While his interweb fans were born scarcely before, even after, the 21st century began, Delon’s proclaimed hey-day began in 1960 with his depiction of Tom Ripley, a suave sociopath impersonating a playboy, in René Clément’s Plein Soleil or Purple Noon (1960). Walking against the crowd on a market road in Naples, Delon emanates unnerving masculinity and raw elegance in a pristine white button-up and fitted gray slacks, a murderer so innately beautiful he must be cheered on.

Alain Delon in PURPLE NOON (1960)

Delon’s looks and performance in Purple Noon defined stylish crime films of the era, and Delon continued to surpass his own standards seven years later in Jean-Pierre Melville’s Le Samouraï (1967). Quite literally the polar opposite of Purple Noon‘s Tom Ripley, Delon plays stone cold killer Jef Costello, an assassin whose work prohibits emotion and cages him from the outside world. While equally eye-catching in a trench coat and fedora, stealing cars off the Paris streets, Ripley and Costello are their own men, strikingly portrayed with their own unique pathos. These are, undoubtedly, Delon’s hallmark performances; one or two such cases of audience enthrallment can be expected of a man so aesthetically pleasing. For Monsieur Delon, innate talent comes into play, and when it comes to masterpieces there are many, many more.

As an actor Delon has over a hundred credits, and while several of his performances fall within the crime genre, his filmography is vast and varied. Who can forget the young Italian boxer, the sadistic soldier, the morose high school teacher with a kink (among others)? Certainly not Instagrammers.

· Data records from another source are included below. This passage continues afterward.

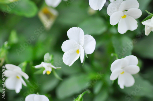 Pansies, Pansy or Viola or Viola cornuta or Viola lutea or Viola x wittrockiana flower or white pansy flower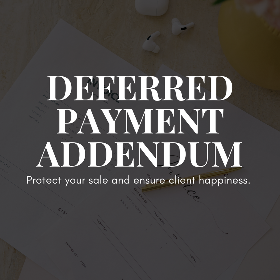 This professionally drafted Deferred Payment Addendum allows photographers to offer extended payment terms to clients who miss original deadlines, while still safeguarding the business. The addendum outlines clear expectations for updated payment schedules, late fees, and—critically—the withholding of deliverables until full payment is received.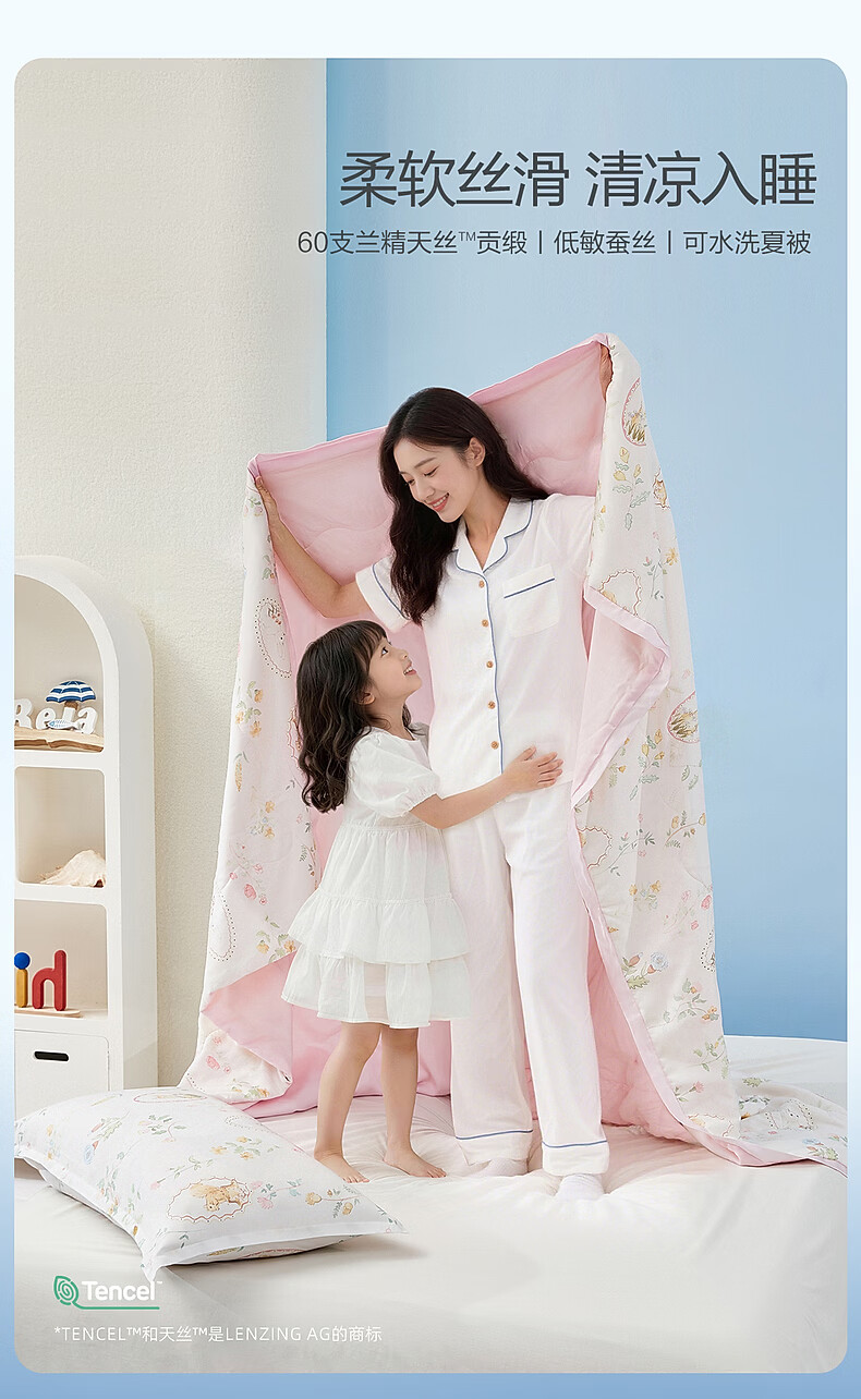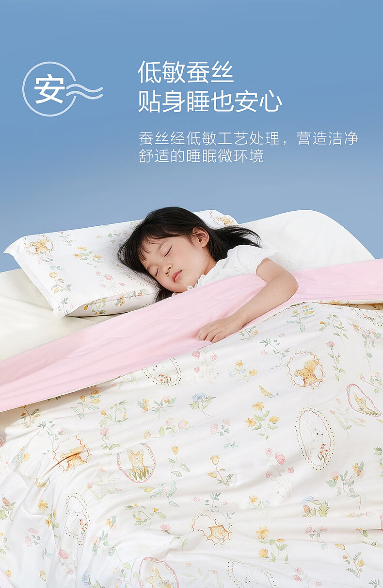水星家纺儿童蚕丝被100%蚕丝A类天丝夏凉被空调被夏薄被子学生宿舍可水洗 野趣夏日画框天丝蚕丝夏被 野趣夏日画框天丝蚕丝夏被 100cm*120cm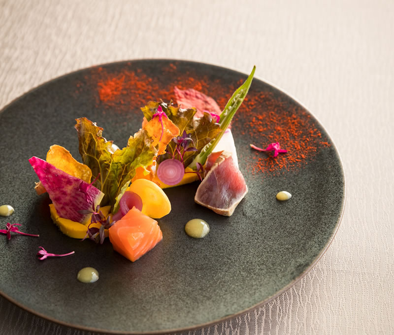兵庫で採れた旬の新鮮な野菜やA5ランク和牛など、兵庫・関西の美味しいものを使い、素材の魅力を最大限に引き出す調理法にこだわっています。ブイヨンも付け合わせも全て一から作り込む、徹底した手づくりのお料理を、最高に美味しい、絶妙のタイミングでご提供いたします。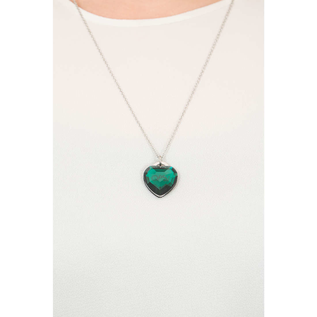 Collana Ops Objects da donna della collezione Shiny, realizzata in acciaio anallergico silver con ciondolo a forma di cuore di colore verde della dimensione di 2,4 cm. Lunghezza collana di 70 cm, con chiusura classica a moschettone.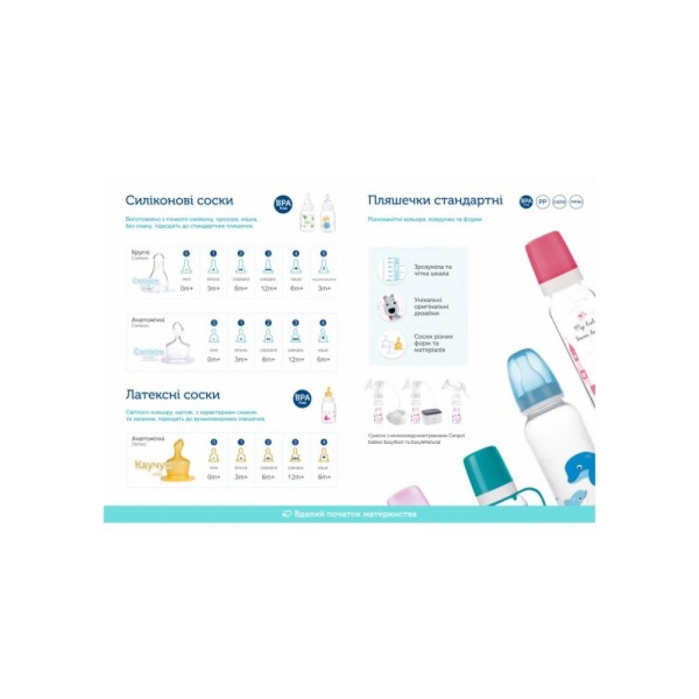 Легку та зручну пляшечку з вузьким шийкою дуже зручно тримати під час годування. Пляшечка поставляється з круглою антиколіковою силіконовою соскою швидкого потоку, герметичним диском, який перетворює пляшечку в контейнер для зберігання/заморожування продуктів харчування, жорсткою кришкою, що закручується, яка не дасть рідині розлитися під час прогулянок.

Even Delon’s personal life is immortalized on smart phone screens, as photos of Delon and his past love interests are naturally amorous. Delon’s infamous relationship with German actress Romy Schneider. has a popular following of its own, as several Instagram accounts are dedicated solely to sharing photos of the beautiful ex-couple.

Alain Delon in LE SAMOURAÏ (1967)

“Compared to his time, he always stood out in the crowd, but it’s even easier to notice now.”

What is it about Alain Delon that has men and women, critics and fans, past and present, acclaiming him again and again? Have social media users been transfixed by Delon’s hypnotic blue eyes? Or is it pure sex appeal that has captured the hearts of hungry millennials?  “Compared to his time, he always stood out in the crowd, but it’s even easier to notice now,” says Soniya, handle @dailygarbo, a resident of Vancouver, Canada and a surefire competitor for youngest Delon fan. “He isn’t like most other actors who are aggressive and controlling,” the fourteen-year-old continues. “Today’s actors don’t have the ‘charm’… They lack the je ne sais quoi.” Soniya continues to credit Delon with broadening her cultural horizons and increasing her happiness. “He has made a great contribution to my life,” she says, the anticipation of his effect on her adult future evident in every word.

In a recent interview with GQ Magazine, Alain Delon, now eighty-two years old, acknowledged the impact of female adoration on his career. “Women,” he said, “became my motivation. I owe them everything. They were the ones who inspired me to look better than anyone else, to stand stronger and taller than anyone else, and to see it in their eyes.” It was indeed in women’s eyes upon seeing Delon, and it still is. To women of the past sixty years, Alain Delon and his fans owe their gratitude for inspiring a stellar career. To the phone-tapping youth of the Instagram era, for their media onslaught and virtual praise, we must award our highest respect.

“Women became my motivation. I owe them everything.”

Though Delon’s professional career has come to a close, his cinematic legacy can never die. Under the thumbs of budding millennials he remains, vital and intoxicating as ever, as he is reincarnated image by image, clip by clip. Though his past has been repeated by ‘sickeningly’ modern means, Alain Delon can still say that to women, modern women, he owes everything.